Örneğin, sindirim sistemimiz çalışmasına yardımcı olmak için milyarlarca bakteri içerir. Bu bakteriler olmadan, yediğimiz yiyecekleri sindiremeyiz. Ayrıca, türler arası işbirliği genleri bile etkiler.

Bilim, genlerin mutlaka bireyden bireye üreme yoluyla iletilmesi gerekmediğini, ancak diğer türlerin üyeleriyle paylaşılabileceğini ortaya koymuştur.

Aşağıdaki yanıp sönmeler, insan hücre biyolojisinin işleyişine dair anlayışımızın bu Lamarckian işbirliği fikrini nasıl doğruladığını gösterecektir.

Hücre davranışını kontrol eden bir hücrenin beyni, çekirdeği değil, zarıdır.

Lamarck'ın teorisi biyolojide işbirliğinin önemine işaret ediyor. Bunu, fonksiyonları birlikte çalışan birçok elementin sonucu olan doğanın olağanüstü kurtulanına – hücreye – bakarak keşfedelim.

Vücudumuzda, sindirimden bağışıklık sistemimizin işleyişine kadar tek bir hücrede bulunamayan tek bir işlev yoktur. Hücreler inanılmaz derecede akıllıdır ve gezegenimizdeki ilk yaşam formları arasındaydı. Zekaları hayatta kalmalarına izin verirken, yaratıkların büyük çoğunluğu soyu tükendi.

Zekalarının bir örneği, tek tek hücreler vücuttan çıkarıldığında ve bir kültürde yetiştirildiğinde görülebilir. Bu olduğunda, hücreler aktif olarak hayatta kalabilecekleri ortamları arayacak ve büyümelerini teşvik etmeyecek ortamlardan kaçınacaktır.

Bu şıklığı Ama nerede ve rehberler ya cep davranış olabilir.

Çoğu insan muhtemelen genetik bilginin – DNA'nın – kromozomlar şeklinde tutulduğu hücrenin çekirdeğinden geldiğini tahmin ederdi. Bununla birlikte, eğer bu doğruysa, bir hücre çekirdeği çıkarıldıktan hemen sonra ölmelidir. Bununla birlikte, çekirdek çıkarıldığında, hücrenin bir beyni varmış gibi yaşamaya ve işlev görmeye devam edeceğini biliyoruz. Bunun nedeni, bir hücrenin çekirdeğinin aslında üremenin gerçekleştiği yer olmasıdır. Daha doğrusu beynine göre, çekirdeğin aslında hücre körebe, ya da cinsel organ. Aslında, hücrenin gerçek beyni, hücrenin dışını çevreleyen zarıdır.
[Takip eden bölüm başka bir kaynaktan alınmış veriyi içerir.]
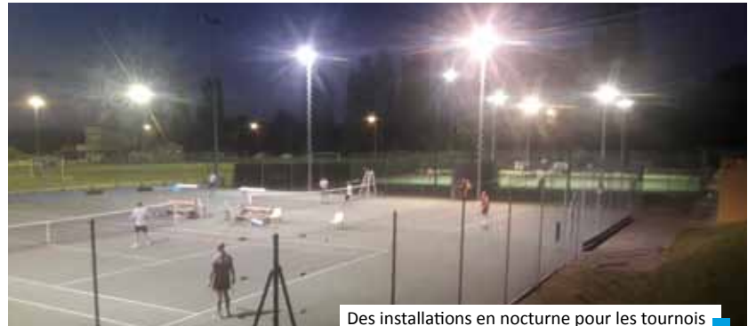
Des installations en nocturne pour les tournois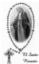
Dama Blanca de la Paz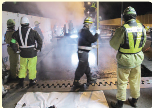
舗装工事は、春や秋などの季節が適しています。降雨も品質に影響することから、なるべく気候が安定した時期を選びます。

Bu zarın içinde, hücrenin etkisini tetiklemek için çevre ile reaksiyona giren iki tip protein, reseptör proteinleri ve efektör proteinleri vardır. Bu reseptörler çevreden gelen sinyalleri alır ve efektörler sinyalleri harekete geçirir.

Bu proteinler hücreden çıkarılırsa, “beyin ölümü” olur ve çevresine cevap veremez.

“Confusing the gonad with the brain is an understandable error, because science has always been and still is a patriarchal endeavor.”

Despite what some Darwinists believe, there is a lot of evidence to suggest that genes do not determine our development.

Önceki göz kırpmalarında, Darwin'in evrim teorisinin her zaman bilim tarafından desteklenmediğini gördük.

Dikkat çekici bir şekilde, Darwin'in bile çalışmaları hakkında şüpheleri vardı. Hayatının sonuna doğru yazdığı bir mektupta, evrimdeki çevresel faktörlerin rolünü yeterince dikkate alıp almadığını sorguladı. Darwinist bilim adamları tarafından geliştirilen evrim teorilerinde çok sayıda zayıf nokta olduğu ortaya çıkıyor. Böyle bir teori, genlerin biyolojiyi yönettiği inancına odaklanan genetik determinizmdir. Daha spesifik olarak, genler bir organizmanın vücudunu oluşturan proteinlerin üretimini belirler.

Bununla birlikte, bu teori bir alanda başarısız olur: Eğer biyolojimiz sadece genlerimiz tarafından belirlenirse, o zaman insan genomunun her protein için bir gen gerekir, bu da en az 120.000 gene yol açacaktır. Yine de çok daha azımız var-insan genomu sadece 25.000 gen içeriyor.

Bu yüzden biyolojimizi belirleyen başka yönler olmalı. Kaderimize karar veren genler yerine, çevremizin de önemli bir rol oynadığı keşfedilmiştir.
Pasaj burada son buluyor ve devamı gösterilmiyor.